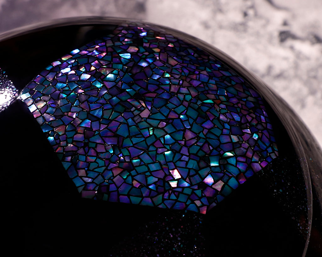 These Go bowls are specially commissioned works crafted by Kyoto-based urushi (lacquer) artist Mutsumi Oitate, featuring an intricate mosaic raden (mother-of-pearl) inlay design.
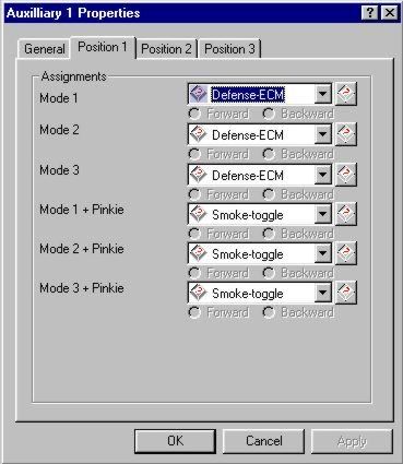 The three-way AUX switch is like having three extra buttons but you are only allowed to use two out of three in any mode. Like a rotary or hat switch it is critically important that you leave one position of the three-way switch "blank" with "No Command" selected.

• • • •

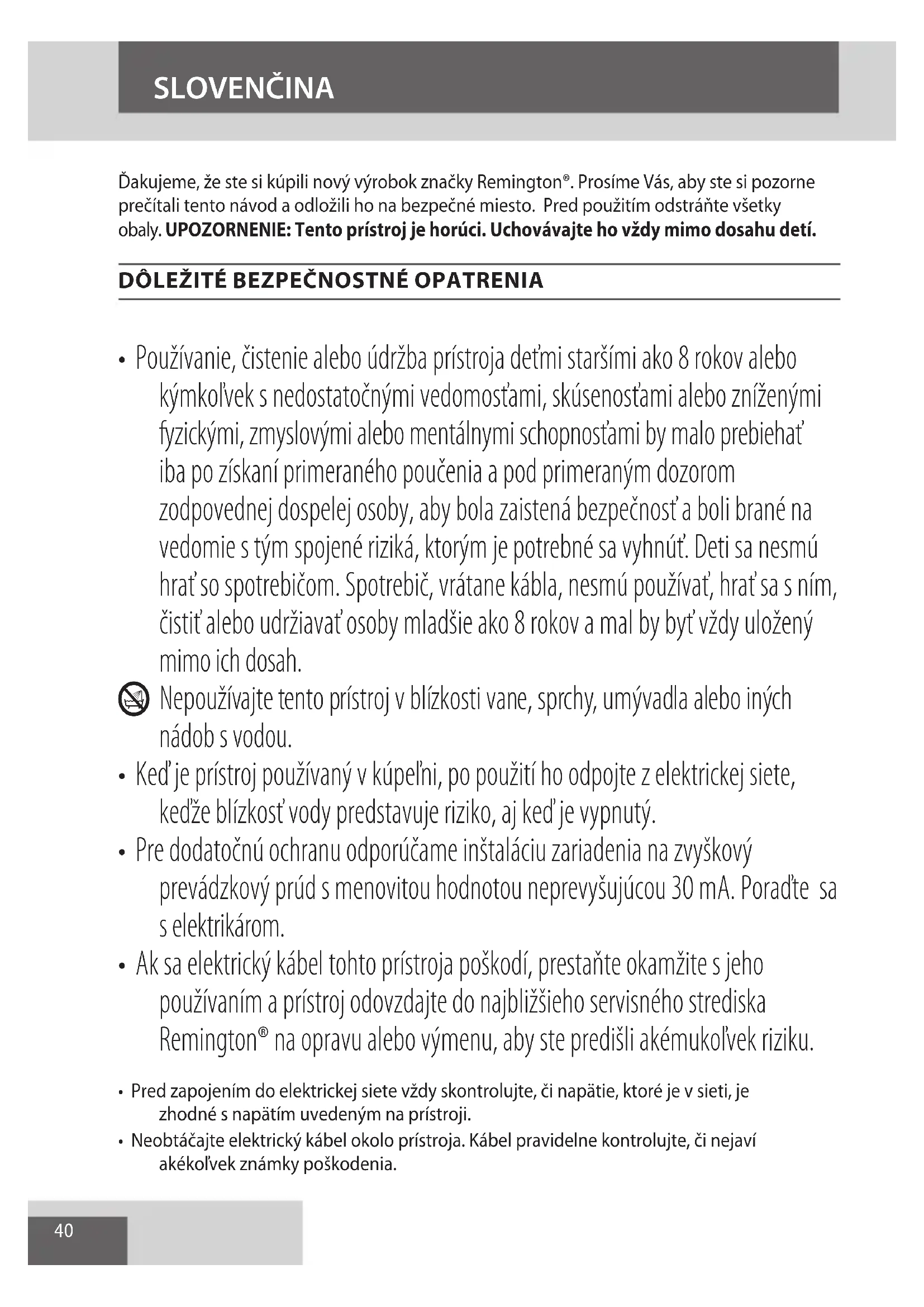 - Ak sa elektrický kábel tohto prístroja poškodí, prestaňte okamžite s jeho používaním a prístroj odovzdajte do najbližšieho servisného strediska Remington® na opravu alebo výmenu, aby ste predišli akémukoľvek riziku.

• • • •

**Problem statement:** Among the entries above, copy exactly the stretch from the line holding "These Go bowls" through the line holding "The three-way AUX", leaving out any pictures.

**Answer:**
 These Go bowls are specially commissioned works crafted by Kyoto-based urushi (lacquer) artist Mutsumi Oitate, featuring an intricate mosaic raden (mother-of-pearl) inlay design.
 The three-way AUX switch is like having three extra buttons but you are only allowed to use two out of three in any mode. Like a rotary or hat switch it is critically important that you leave one position of the three-way switch "blank" with "No Command" selected.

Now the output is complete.